Ведьма проживала ближе, но никто не знал, живая она или нет, и если живая, в каком состоянии духа лесная отшельница пребывает. Может статься, что встречаться с ней живой гораздо хуже, чем ежели она восстала из гроба при помощи чар откопавшей ее нежити. Светлолика и в хорошем расположении духа кротостью нрава не отличалась, честно считая, что покладистая женщина способна разбаловать окружающих, а их пока баловать не за что. Поэтому все поголовно в Хренодерках точно знали, что тревожить ведьму по пустякам нечего, а лучше всего вообще обходить десятой дорогой, от греха подальше.
Жрец Гнилушек был мужчиной зело строгим, норов имел суровый, под стать Безымянному лесу, и накладывал покаянные епитимьи со щедростью весеннего сеятеля даже на собственных прихожан, а уж по отношению к хренодерчанам расстарается вовсю — в этом сомнений ни у кого не было. Анафема была гарантирована практически всем присутствующим, особенно если Гонорий передумает помирать, и служитель храма Всевышнего из Гнилушек совершит пешую прогулку чисто подышать свежим лесным воздухом, которого, к слову, и в родном селении хоть ведрами употребляй.
Как ни крути, а любой вариант выходил боком.

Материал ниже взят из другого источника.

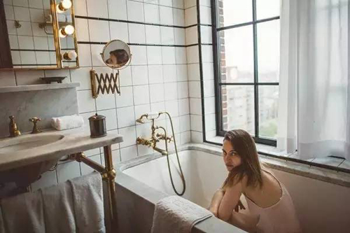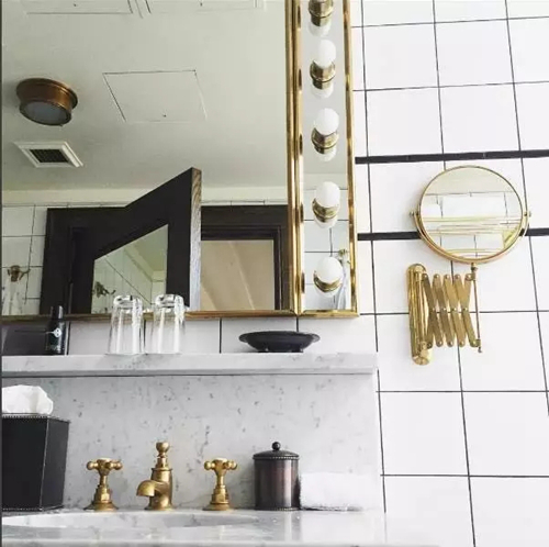 漆金管道,大理石浴缸,馬賽克墻磚營造出的復(fù)古美感,引發(fā)了大規(guī)模的網(wǎng)友們來這里入住,開始在浴室自拍。
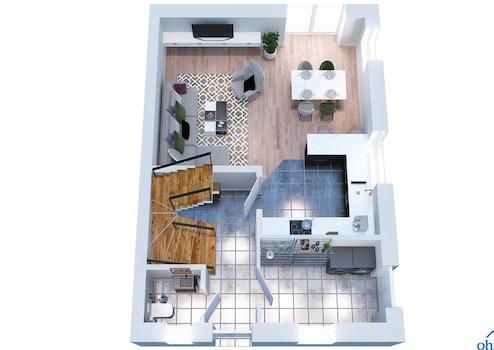 Für zusätzliche Barrierefreiheit wurden bereits vorbereitende Maßnahmen getroffen, sodass ein Treppenlift bei Bedarf problemlos nachgerüstet werden kann.

Опасаясь переходить к активным действиям, народ принялся шумно сопеть и переминаться с ноги на ногу, как табун лошадей, опасающийся переходить вброд быструю незнакомую реку в ожидании решения вожака. Кинется в воду — пойдут все, но сначала пусть лидер рискнет своей шкурой, на то он и лидер, остальные сунутся, только когда он собственным примером докажет безопасность пути. Панас тоже молчал, топтался на месте, как боевой конь в ожидании сигнала к атаке, сопел, но ничего не делал, памятуя, что инициатива в большинстве своем имеет инициатора зачастую противоестественным образом. Но жреца было жаль. Все-таки свой, не одно десятилетие прожил при хренодерском храме и крестил несколько поколений крикливых детишек. Голову терзали душевные муки.
Из безвыходного положения прихожан выручил сам Гонорий, удивив всех до крайности своей живучестью. На убеленную сединами голову снизошло озарение — не иначе, Всевышний не оставил верного служителя своей помощью, — и перед внутренним взором жреца, как живая, встала нужная страница с текстом молитвы. Умилившийся до слез в старческих подслеповатых глазах, Гонорий осенил себя крестным знамением, вознес краткую благодарственную молитву Создателю и продолжил прерванную службу. При этом на первых же словах песнопения дал такого петуха, что замершие позади селяне дружно вздрогнули, бухнулись на колени, гулко ударили лбами в пол, вознося благодарственную молитву Всевышнему за благополучное исцеление храмового служителя, и истово крестились пивными кружками. Жрец шумно прочистил горло и продолжил служение теперь уже более степенно, хорошо поставленным голосом.